→ **Materials provided**:
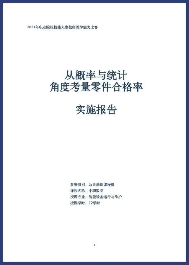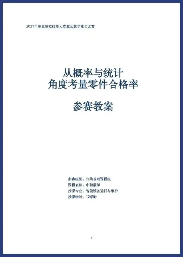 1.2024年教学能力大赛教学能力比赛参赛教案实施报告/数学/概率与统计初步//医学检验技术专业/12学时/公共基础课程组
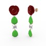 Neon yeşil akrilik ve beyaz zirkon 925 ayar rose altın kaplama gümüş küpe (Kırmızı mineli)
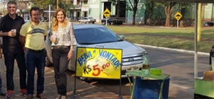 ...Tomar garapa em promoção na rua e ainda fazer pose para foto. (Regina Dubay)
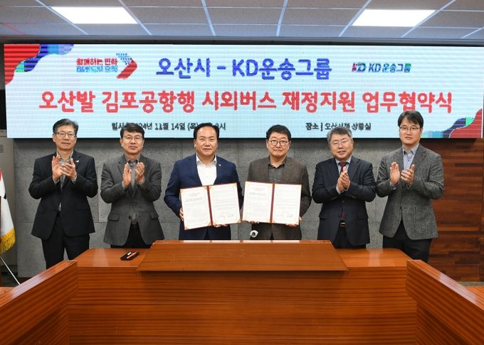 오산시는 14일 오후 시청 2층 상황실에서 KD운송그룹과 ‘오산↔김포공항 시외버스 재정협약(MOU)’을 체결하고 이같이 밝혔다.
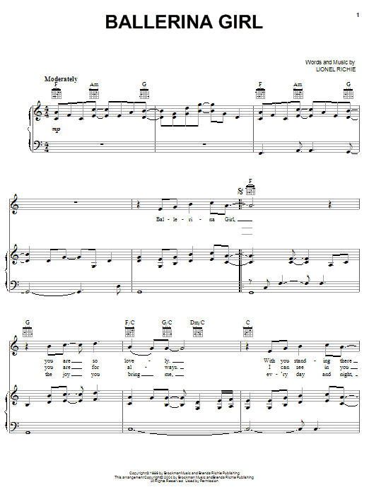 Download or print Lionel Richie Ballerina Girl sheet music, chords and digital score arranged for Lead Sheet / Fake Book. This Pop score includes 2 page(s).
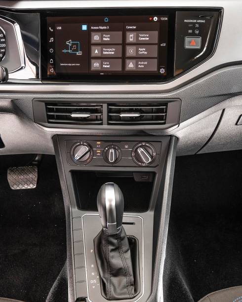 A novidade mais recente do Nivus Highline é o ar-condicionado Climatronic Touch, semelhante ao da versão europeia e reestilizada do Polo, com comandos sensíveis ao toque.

→ **About this exercise**: Skip every picture. Repeat word for word the lines from the line holding "Neon yeşil akrilik" through the end of the entries above.

→ **Exercise result**:
 Neon yeşil akrilik ve beyaz zirkon 925 ayar rose altın kaplama gümüş küpe (Kırmızı mineli)
 ...Tomar garapa em promoção na rua e ainda fazer pose para foto. (Regina Dubay)
 오산시는 14일 오후 시청 2층 상황실에서 KD운송그룹과 ‘오산↔김포공항 시외버스 재정협약(MOU)’을 체결하고 이같이 밝혔다.
 Download or print Lionel Richie Ballerina Girl sheet music, chords and digital score arranged for Lead Sheet / Fake Book. This Pop score includes 2 page(s).
 A novidade mais recente do Nivus Highline é o ar-condicionado Climatronic Touch, semelhante ao da versão europeia e reestilizada do Polo, com comandos sensíveis ao toque.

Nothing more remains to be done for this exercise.